As for Dr. Fine, I am putting a lot of faith into his method because I believe him to be a pioneer. I have dealt with this before, with my son. Briefly, my son has a condition called hyperhydrosis, which is basically overactive sweat glands, which in his case led to continually dripping hands. It was a huge social trauma for him. All doctors wanted to do was have him smear dangerous steroidal creams on his hands (didn't work), or get expensive botox injections in his hands (lasts a few months for about $800 per time), and various other stupid, useless band-aid treatments, none of which worked much. I researched like crazy and discovered a doctor who was a specialist in endoscopic lung surgery, and he had been lured into doing endoscopic surgery to snip a particular nerve (sympathetic nerve) which is responsible for the overactivity in various sweat glands, so now he does both. He lectures on this all over the world, and has published a few things, but still hasn't gotten wide attention and the surgery doesn't have much acceptance for some reason. This surgery is highly controversial and not accepted or known in the medical community as a solution, and unfortunately there are a lot of not so trustworthy doctors cashing in on the surgery as well. But my research and checking led me to believe this doctor was a true pioneer ahead of his time, and he'd done this surgery hundreds and hundreds of times, so I put my son into his care and the surgery was successful and totally changed my son's life for the better.

I called every doctor in Sacramento who would/should have known about his condition and and not a single one knew anything much (sounds like celiac!!) and no one had even heard of the sympathectomy my son got. I was astounded, because this was not totally new. So my opinion about the diagnostic abilities of most doctors has been formed by this unpleasant experience in solving my son's problem.

I think it's pretty sad that all of us can easily find out and learn more about celiac disease than most doctors seem to know.
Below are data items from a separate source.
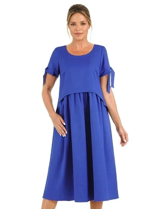 Rozkloszowana sukienka Izaura II, kreacja w kolorze chabrowym.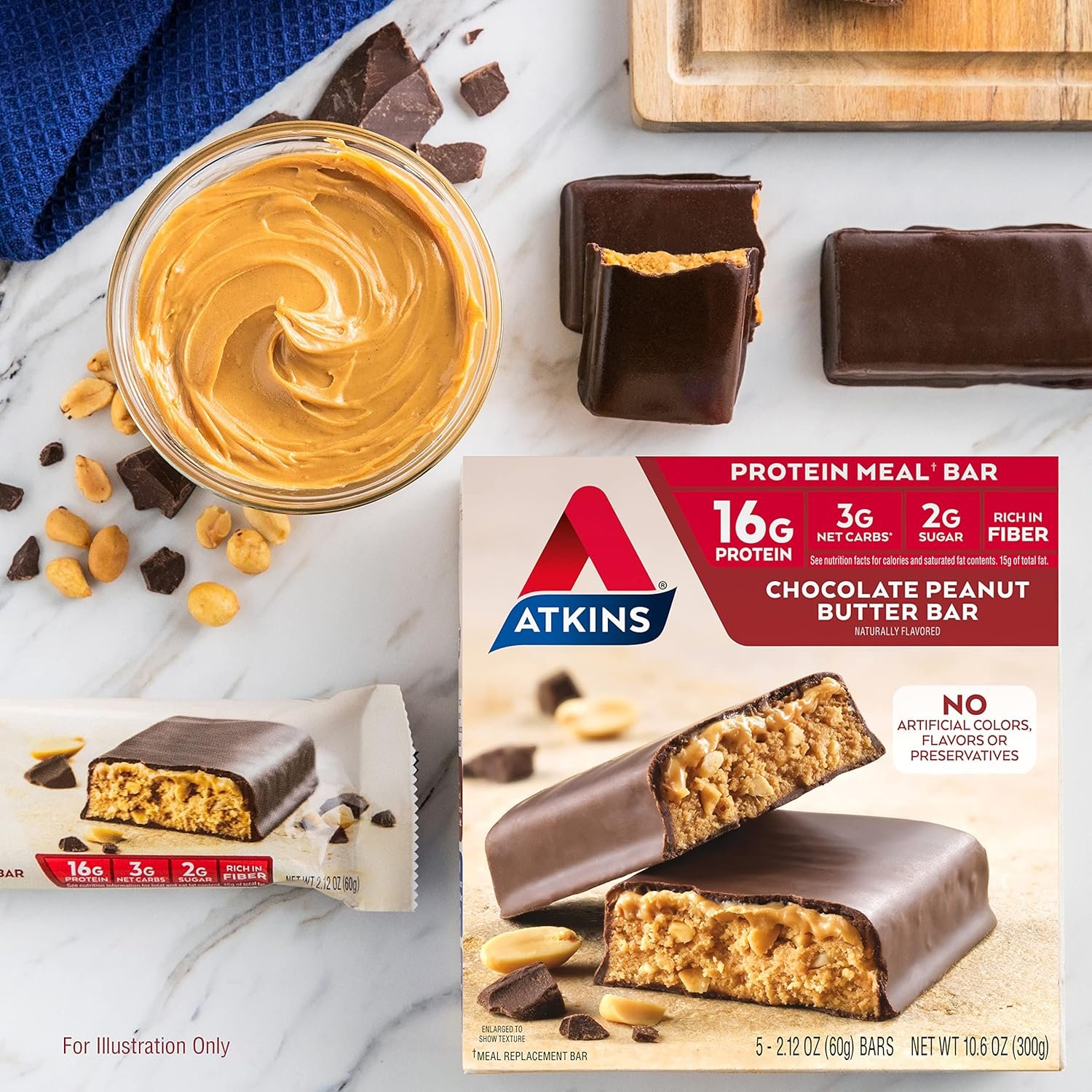AT HOME OR ON-THE-GO. Atkins Chocolate Peanut Butter Protein Meal Bars. Enjoy delicious meal bars that fit right into your busy schedule, 16g of protein, 2g of sugar, and 3g of net carbs per serving*. This is Today’s Atkins.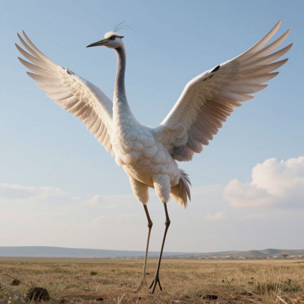 Photograph of a majestic white crane with outstretched wings, standing on a grassy plain under a clear blue sky. The crane's feathers are delicately textured, with sunlight highlighting its wings. Its long, slender black legs and sharp beak contrast against the white plumage. In the background, the horizon features distant, low-lying hills and a few scattered clouds. The grass is dry and brown, suggesting a late summer or autumn setting. The crane's posture is elegant, with wings fully open, creating a sense of grace and freedom.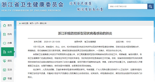 浙江省衛(wèi)健委表示,自國家衛(wèi)生健康委公布武漢不明原因肺炎疫情以來,浙江高度重視新型冠狀病毒感染的肺炎防控工作,根據(jù)省委、省政府要求,各級衛(wèi)生健康部門迅速全面響應(yīng),相繼成立專項工作組和專家組,及時制定各項應(yīng)急措施和工作方案。目前,我省各級各類醫(yī)療機(jī)構(gòu)和疾病預(yù)防控制機(jī)構(gòu)已全面加強(qiáng)預(yù)檢分診和發(fā)熱門診的力量配置,規(guī)范開展對可疑病例的監(jiān)測、篩查、診斷治療和處置工作。全省各地深入開展愛國衛(wèi)生運(yùn)動,加強(qiáng)環(huán)境整治,做好農(nóng)貿(mào)市場管理,全面落實各項防控措施。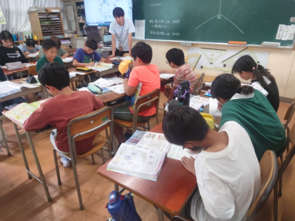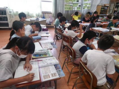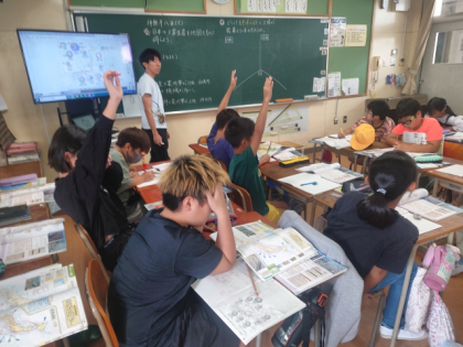 社会科の時間は、地図を見ながら、日本の工業地帯について調べ、どうして太平洋ベルトに工場が集まっているのか考えました。

What has bothered me, too, is that if you see a doctor and mention the possibility of celiac, if they don't know about it they just dismiss the possibility....they don't go off and research it so they DO know about it and thus help you. Very disappointing, but this is why I have taken my diagnosis into my own hands and am going the Enterolab route to verify a few things. What those tests will tell me should be enough, I think. I don't need the expense and danger of a biopsy etc. Fact is, I feel rotten a lot of the time, I'm fairly certain why, if this test verifies even just the intolerance and presence of the genes, then I'll embark on a totally serious 100% gluten-free diet because I know the possible consequences of continuing to eat gluten. I think I'll be happy with the information I'll get via this method. And besides, why should I be concerned about having the stamp of approval from a pack of doctors who know LESS about celiac than I do??? I'll take the expertise of a doctor who has dedicated himself to this disease. Certainly Dr. Fine seems to know far more than most of the others.
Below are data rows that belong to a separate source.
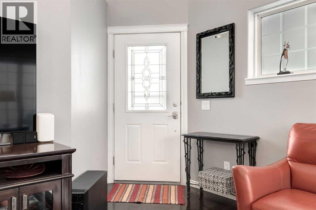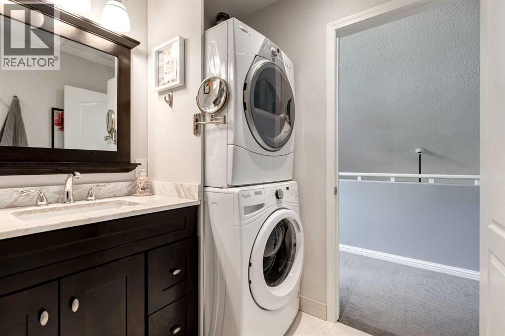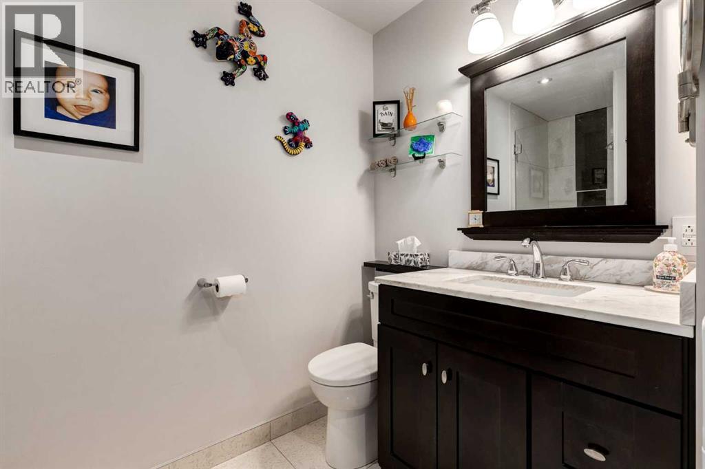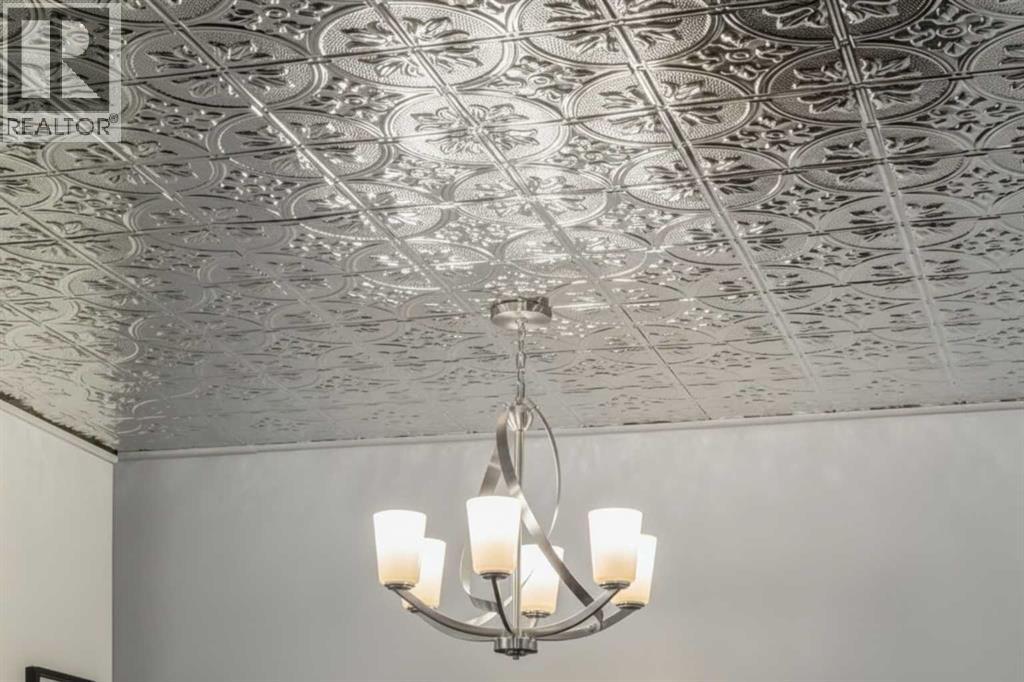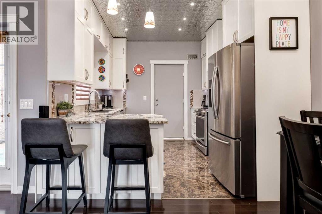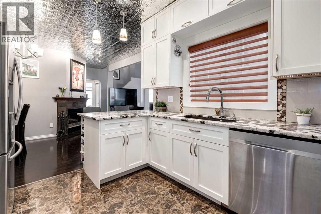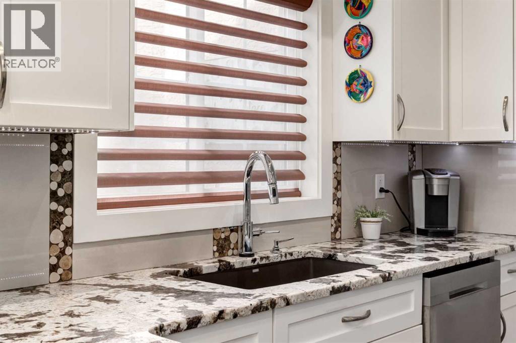 Immaculate fully renovated townhouse with main floor primary bedroom and ensuite. Radiant in floor heat throughout. Living room features dramatic vaulted ceilings, a real wood burning fireplace and access to one of two patios. Kitchen features floor to ceiling cabinets with granite counters 24” porcelain tile, Blanco sink and a breakfast bar. The star of the show is the real pressed tin ceiling that flows through the kitchen and dining area. Vaulted ceilings carry into the Primary bedroom with large windows. Primary ensuite features a walk in shower with Grohe taps and bench, dual vanities and a walk in closet. Upstairs features another bedroom, a full bathroom and a den that could easily be converted into a third bedroom. Heated oversized single garage with additional driveway parking. Pet Friendly complex features a clubhouse with BBQ patio. Walking distance to Sirocco C-train station, shopping and dining. (id:51913)
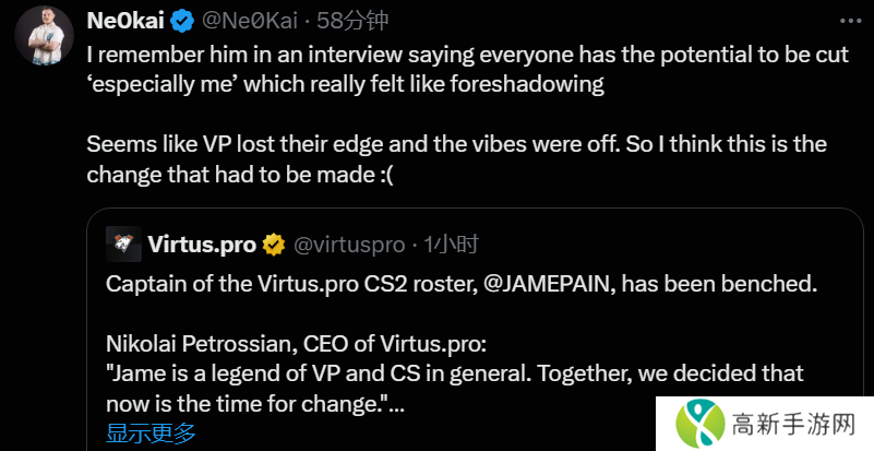 今天Virtus pro战队宣布正式下放Jame。在电子竞技风云变幻的舞台上,VP战队做出下放Jame这一决策,宛如投入平静湖面的巨石,一石激起千层浪,在玩家群体与业内引发轩然大波。以下为VP被下放之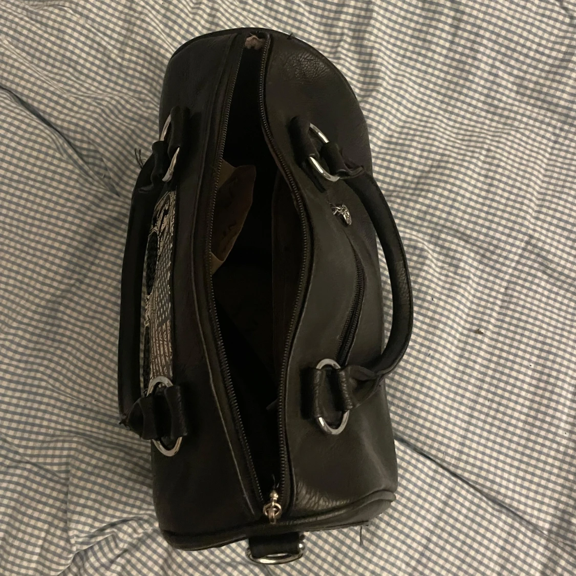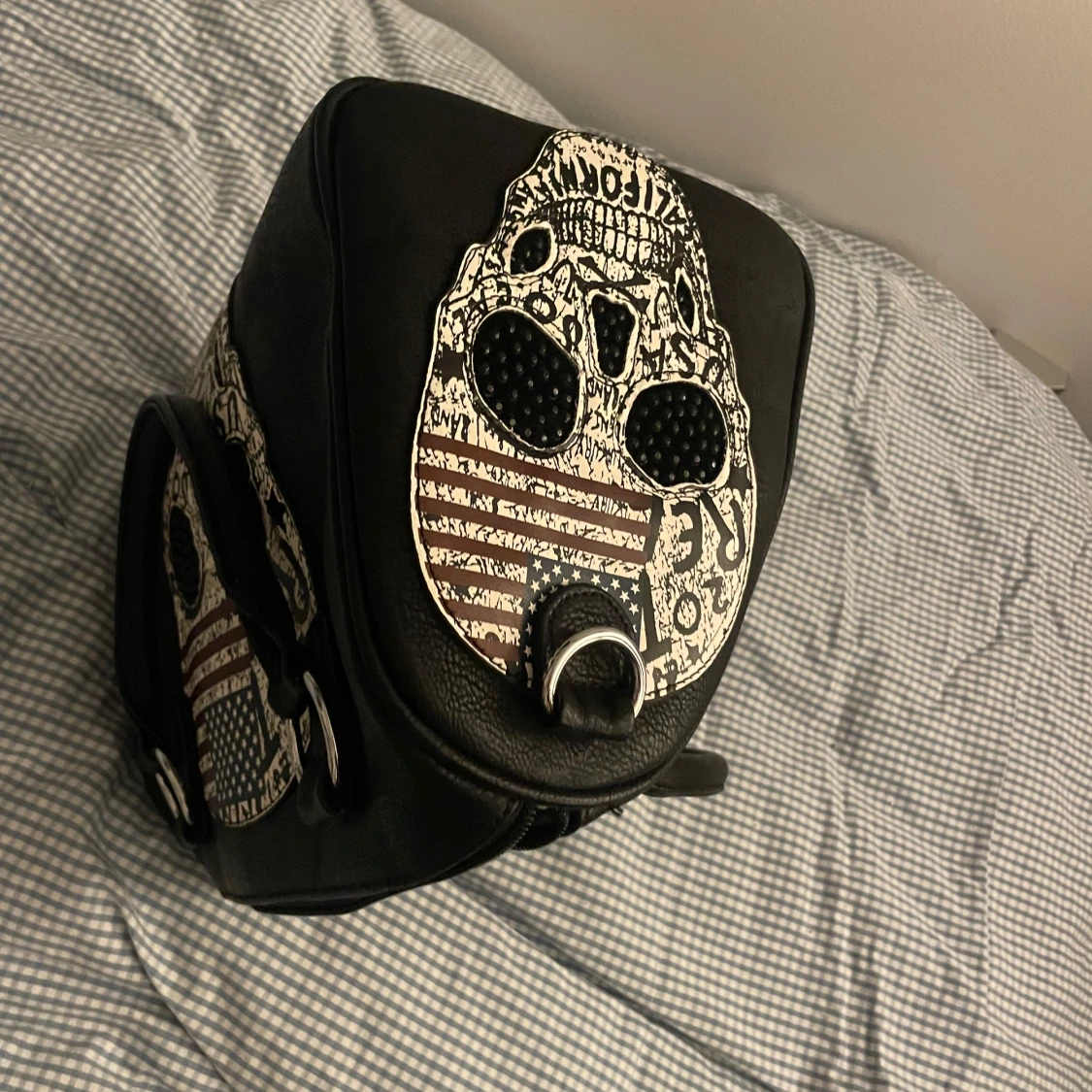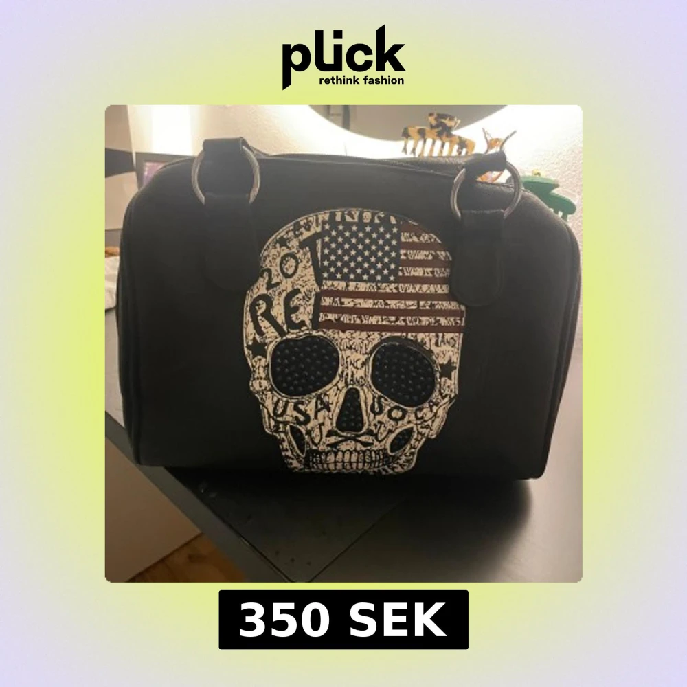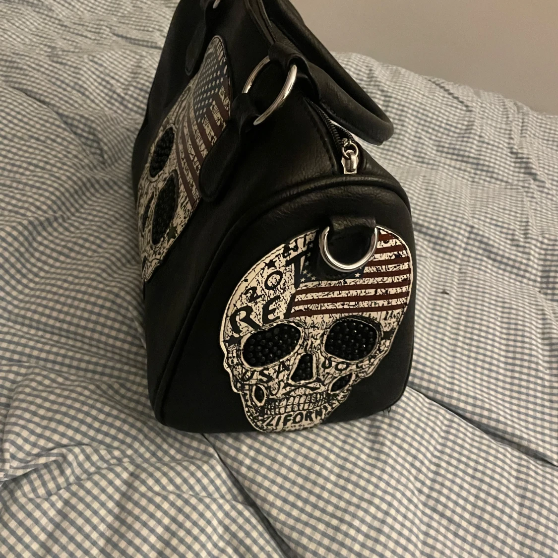 Unik svart väska med dödskalle motiv och lite svarta nitar. Finns ett längre band till väskan. Köpt i USA och nästan oanvänd

When my mother was fortunately diagnosed 40 years ago, knowledge about celiac was incredibly scarce and doctor ignorance was understandable. Today, with the internet and sharing of knowledge that is possible, there is simply no excise for this continuing ignorance.

What was it, about a hundred years ago that doctors didn't believe in the existence of bacteria because you couldn't see them.....

Another thought about Dr. Fine....If he had done his studies for a short time, whatever he postulated would have been dismissed and probably wouldn't have been accepted into the major journals. At this point, he has 5 years worth of data to back up his ideas so they can be taken more seriously.